Job Overview:
This role is conducted within the vision, mission, and strategic plan of the Insurance Authority. Reporting to the Manager of Operations & Monitoring, this role will safeguard the Authority’s IT infrastructure by orchestrating round-the-clock monitoring, first-line incident containment, and data-driven performance oversight. The Senior Specialist will translate real-time telemetry into actionable insights, ensuring robust service continuity, regulatory compliance, and adherence to ISO 20000/27001 controls. By coordinating resolver teams, external vendors, and internal stakeholders, the position drives swift escalation, root-cause remediation, and transparent KPI reporting that informs divisional strategy and audit readiness. The position also champions continuous optimization, automates repetitive tasks, and mentors junior technicians to embed a culture of operational excellence and resilient service delivery standards.
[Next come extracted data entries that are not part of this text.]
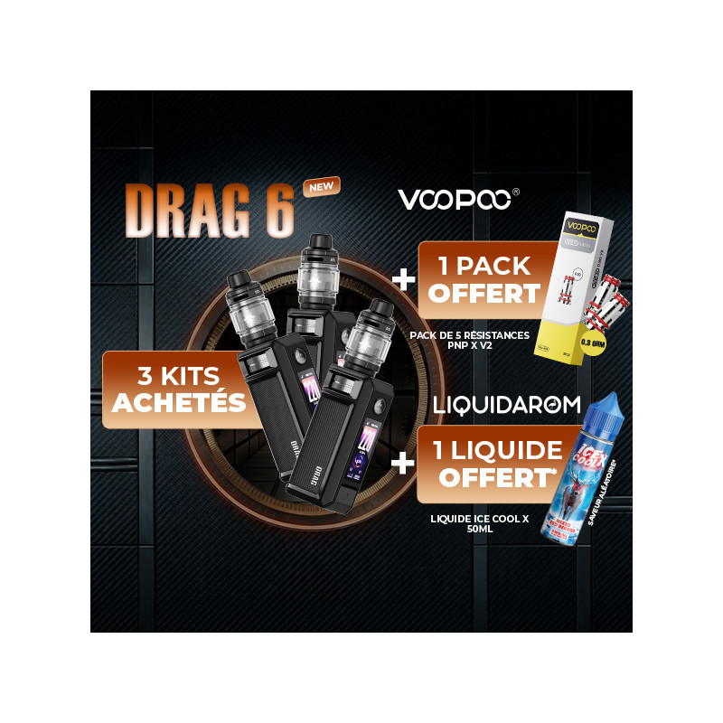 Pour l'achat de 3 Kits Drag 6 (couleur Black), recevez gratuitement* un Pack de 5 résistances PnP X V2 d'une valeur de 0.3ohm, ainsi qu'un liquide 50mL Ice Cool X by Liquidarom (saveur aléatoire), un Pack Goodies & PLV Voopoo (Chevalet, Tapis de Coil, Présentoir, etc...) ainsi qu'une participation au tirage au sort pour tenter de gagner 2 Drones.
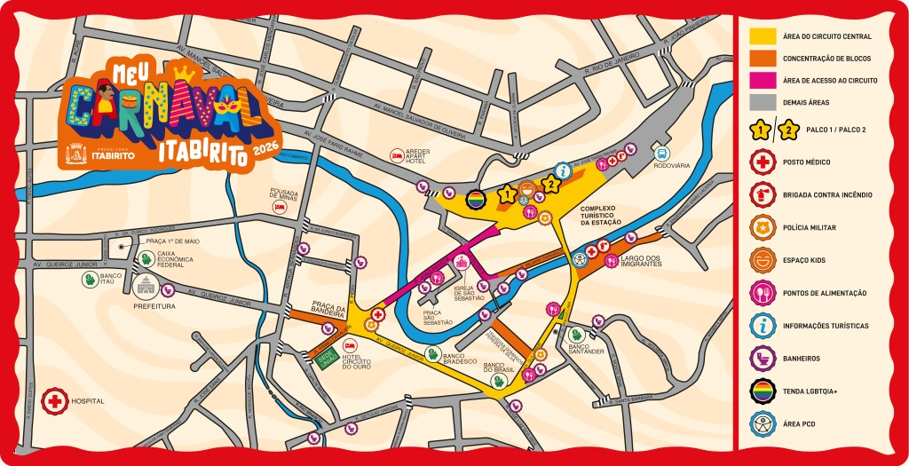 A Prefeitura de Itabirito divulgou a programação completa do Meu Carnaval 2026, que será realizado entre quarta (11/2) e terça (17/2).
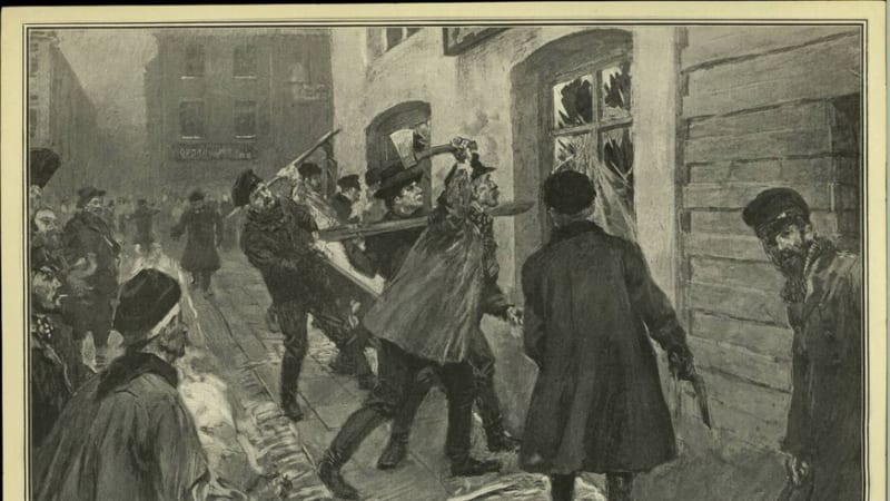 Как бы то ни было, уже к 10 часам утра толпа приступила к разгрому лавки Хахутова. Причём в «классическом» для начала погромов стиле – с порчей и уничтожением имущества, поисками подтверждений своим подозрениям, которые могли быть использованы в качестве оправдания для дальнейших самосудных действий.
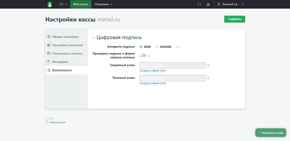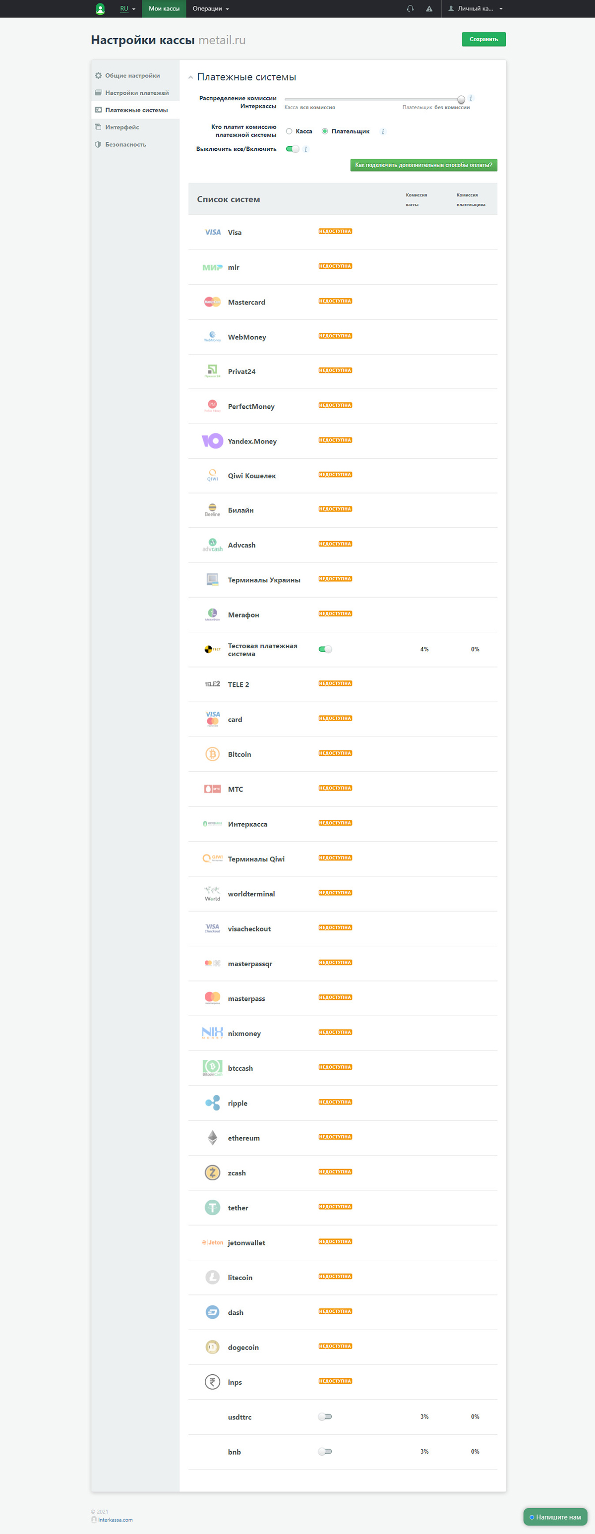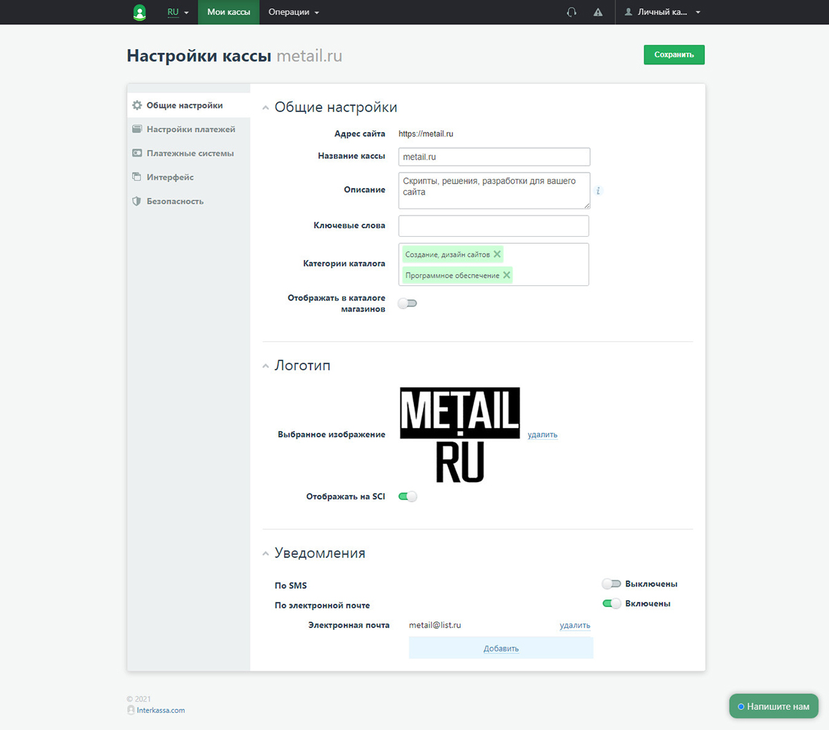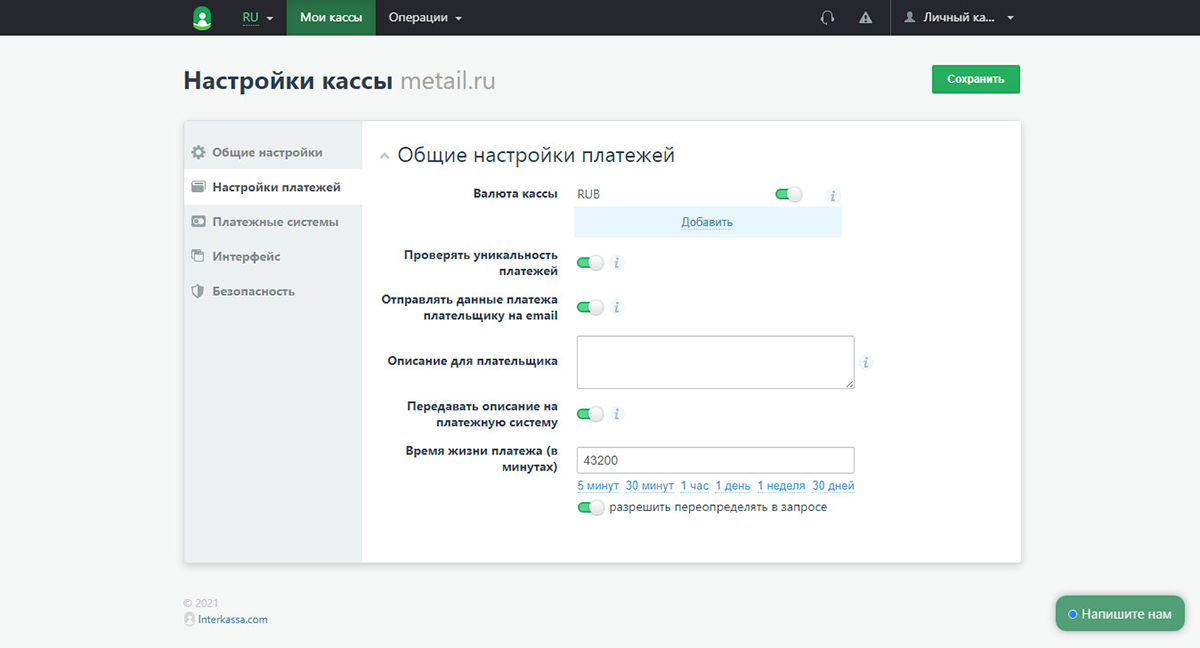 3. Настраиваем созданную кассу по вкладкам: общие настройки, настройки платежей, платёжные системы, интерфейс, безопасность.

Responsibilities and Tasks:
-
Continuously monitor infrastructure dashboards, event logs, and automated alerts to detect anomalies across compute, storage, network, database, and application layers. Execute scheduled health-checks and capacity threshold reviews, escalating deviations in line with Operations & Monitoring Standard Operating Procedures.
-
Maintain and fine-tune alert rules, polling intervals, and thresholds to maximize coverage while reducing false positives.
-
Coordinate first-line incident response: perform technical triage, open ITSM tickets, and escalate to L2/L3 resolver groups within agreed service levels.
-
Lead post-incident reviews by collecting evidence, contributing to root-cause analysis, and recommending permanent fixes for recurring issues.
-
Track open incidents and problems through closure, ensuring SLA adherence and providing timely status updates to the Manager of Operations & Monitoring.
-
Compile daily, weekly, and monthly operations dashboards, KPI scorecards, and trend analysis for divisional leadership and audit purposes.
-
Create and maintain runbooks, knowledge-base articles, and step-by-step procedures to support consistent execution and rapid knowledge transfer.
-
Identify recurring alerts, performance bottlenecks, or manual tasks and propose optimization or automation opportunities to enhance service resilience.
-
Support the deployment, configuration, and acceptance testing of new monitoring tools, agents, and scripts in accordance with change-management policy.
-
Ensure operational activities comply with internal ITSM governance, cybersecurity controls, and external standards such as ISO 20000 and ISO 27001.
-
Liaise with application owners, infrastructure vendors, and the Service Desk to coordinate maintenance windows, patching schedules, and change activities with minimal business disruption.
-
Coach and mentor junior technicians by sharing best practices, reviewing ticket quality, and fostering a culture of continual service improvement.
-
Perform other job duties as assigned.
Job requirements:
Educational Qualifications (required)
-
Bachelor’s degree in computer science, Software Engineering, Computer Engineering, Information Technology, Information Systems, Data Science, or a related field, or related field
-
Master’s degree preferred
Certifications (required)
-
Relevant Professional Certificate is preferred
Experience
-
2+ years with bachelor’s degree, Position relevant experience is required.
Language
(A1-A2: Basic, B1-B2: Intermediate, C1-C2: Fluent)
-
English (C1), Arabic (C2)
Competencies required:
Core competencies
-
Ethics & Integrity (Beginner)
-
Effective Communication (Beginner)
-
Collaboration & Horizontality (Beginner)
-
Personal Competence (Beginner)
-
Analysis and Problem Solving (Intermediate)
Technical competencies
-
Network Infrastructure Management (Beginner)
-
Cloud Platform Administration (Beginner)
-
Backup & Disaster Recovery (Beginner)
-
End User Device & Asset Management (Beginner)
-
Service Desk & Incident Management (Intermediate)